Personal site of Levi Neuwirth — essays, blog posts, poetry, fiction, and music. Built with Hakyll and Pandoc, with a custom build system in build/ and a Haskell + JS + Python toolchain.

Quickstart

make build              # one-shot production build into _site/
make dev                # dev build (drafts visible) + local server on :8000
make watch              # cabal-watch rebuild (drafts visible)
make clean              # cabal run site -- clean
make deploy             # clean → build → sign → push → rsync to VPS

make build always runs make clean implicitly when invoked from make deploy. For day-to-day work, prefer make dev (which serves the site on http://localhost:8000) or make watch (rebuilds on save without a server).

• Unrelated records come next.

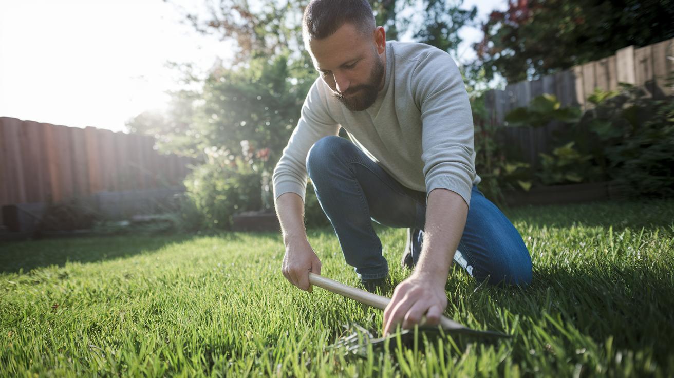 Now let’s talk thatching. Thatch is a thin layer of dead grass and roots sitting on top of your soil. Use a dethatching rake with sturdy tines to break up those mats and free seedlings hiding beneath. You’ll get a fresh, airy feel underfoot.
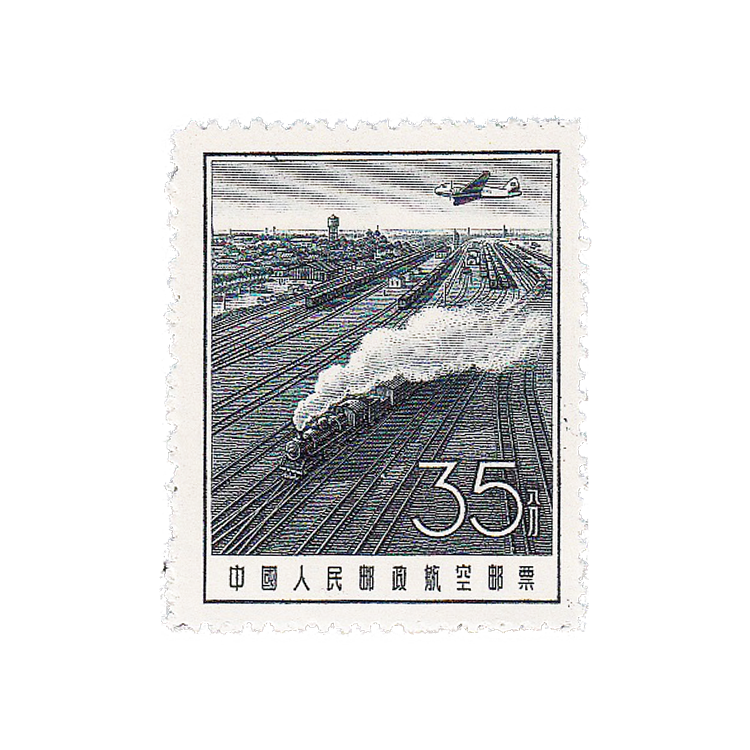 新中国交通运输事业有了巨大的发展,中国人民邮政于1957年9月20日发行了第二套航空邮票。本套航空邮票选择飞机、汽车、火车、轮船作为图案题材。作为航空邮票标志,各枚邮票的右上角均有飞机在天空中飞翔。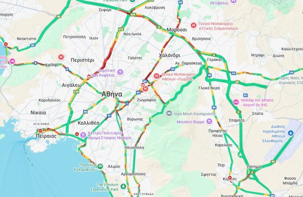 Στο κόκκινο είναι και η λεωφόρος Ελευθερίου Βενιζέλου στο ύψος του Καρέα, η Ποσειδώνος, η Κηφισίας και η Μεσογείων. Τέλος, με χαμηλές ταχύτητες κινούνται οι οδηγοί επί της λεωφόρου Αθηνών μέχρι τον Σκαραμαγκά.

Run make build any time you add or replace binary assets (JPEG/PNG figures, PDFs, music assets). make dev and make watch skip the convert-images.sh / pdf-thumbs preprocessing steps, so a fresh JPEG will have no .webp companion and a fresh PDF will have no thumbnail until a full make build regenerates them. Once the companions exist they survive subsequent make dev runs.

Optional features

  • Similar-links and embeddings. tools/embed.py precomputes page-level embeddings for the "Related" block. To enable:

    uv sync                 # creates .venv with sentence-transformers, faiss-cpu
    

    The build silently skips embedding when .venv is absent.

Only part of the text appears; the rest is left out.